GSA Connects 2021 in Portland, Oregon

Paper No. 209-4
Presentation Time: 8:50 AM

UNCONVENTIONAL STRATEGIES TO UNDERSTAND WATER RESOURCES OF THE NORTHWEST VOLCANIC PROVINCE, USA


BURNS, Erick1, MORDENSKY, Stanly1, LIPOR, John2, CURTIS, Jennifer A.3 and SANDO, Roy4, (1)U.S. Geological Survey, Geology, Minerals, Energy, and Geophysics Science Center, 2130 SW 5th Ave, Portland, OR 97201, (2)Electrical & Computer Engineering, Portland State University, Portland, OR 97201, (3)U.S. Geological Survey, 716 UNIT E W Cedar Street, Eureka, CA 95501, (4)U.S. Geological Survey, Wyoming-Montana Water Science Center, Bozeman, MT 59717

We propose two measures of hydrologic response and apply data-driven machine-learning strategies to understand the effects of geology on hydrology for approximately 192,000 km2 of the Northwest Volcanic Province, covering parts of California, Idaho, Nevada, and Oregon.

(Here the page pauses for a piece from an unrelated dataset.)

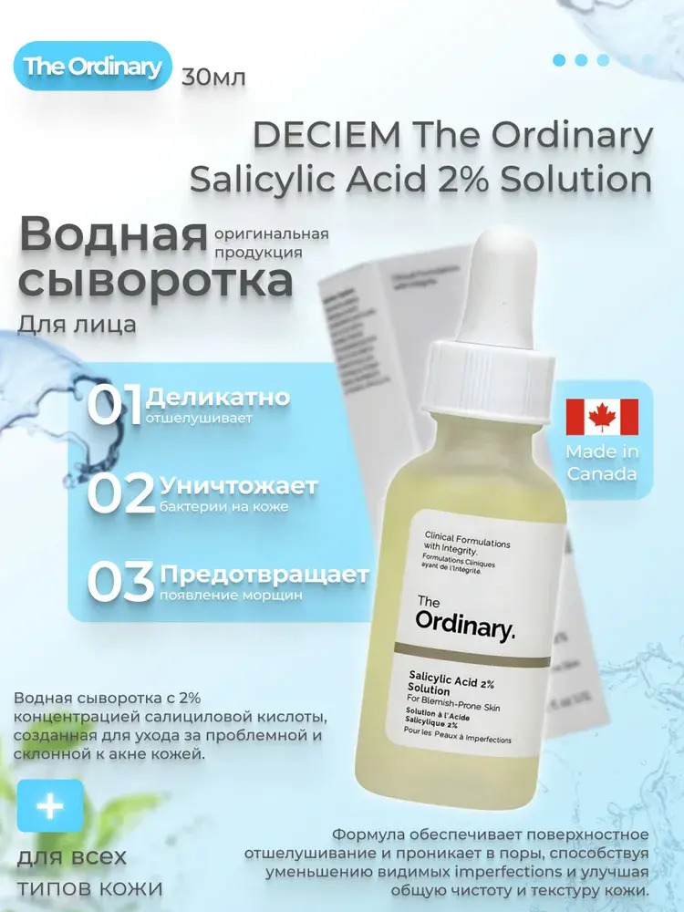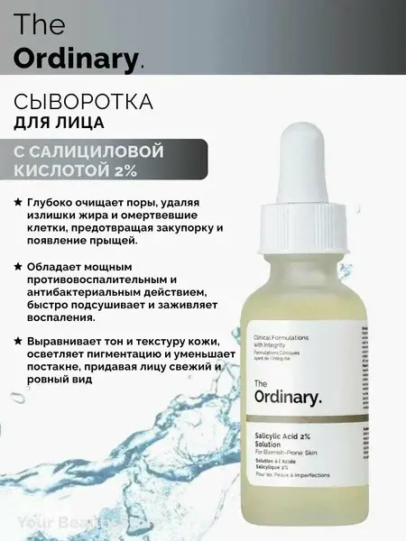 - Наносите The Ordinary Salicylic Acid 2% Solution Serum с салициловой кислотой один раз в день, вечером, после очищения и перед нанесением увлажняющих сывороток, масел и кремов. Нанесите очень небольшое количество на проблемную зону или распределите необходимое количество по всему лицу. Избегайте контура глаз и зрительного контакта.

Specifically, we investigate how: 1) precipitation-dependent spring density varies as recharge exceeds the capacity of aquifers to transmit groundwater; and 2) fast, intermediate, and slow components of streamflow provide information about geologically moderated flow paths. We use the following inputs: A) climate forcing provided as daily precipitation and minimum and maximum air temperature grids; B) soil-water holding capacity from soils databases; and C) a hydrology-themed interpretation of existing State-level geologic maps. From these inputs, we develop a simplified climate-soil relation model to predict annual available water (i.e., precipitation that becomes either groundwater or surface-water), providing the hydrologic forcing that is partitioned by the geology into spring and direct-runoff stream flow. In this way, the machine learning problem can be framed as a forcing-response problem with two filters: the air-temperature/soil filter translates daily precipitation into annual available water, and the geology filter translates available water into either spring density or annual stream-hydrograph components. Results broadly demonstrate that hypothesized patterns in hydrologic response are consistent with findings from a limited number of past focus studies within the region, allowing inference of regional permeability and hydrologic response in ungaged basins. Younger volcanogenic terranes tend to have higher primary permeability than older terranes and are associated with higher spring density and lower direct-runoff to streams. Fault-derived secondary permeability is variably important across the tectonically heterogeneous landscape, and in older geologic terranes, secondary permeability controls much of the basin-scale groundwater flow. Because recent faulting is common in young volcanic terranes (i.e., faulting and rock age are correlated), linear machine learning methods may not reliably fully separate the influence of each mechanism independently. For these cases, non-linear branching methods of regression (e.g., XGBoost) can help identify subtleties within the features (i.e., input data).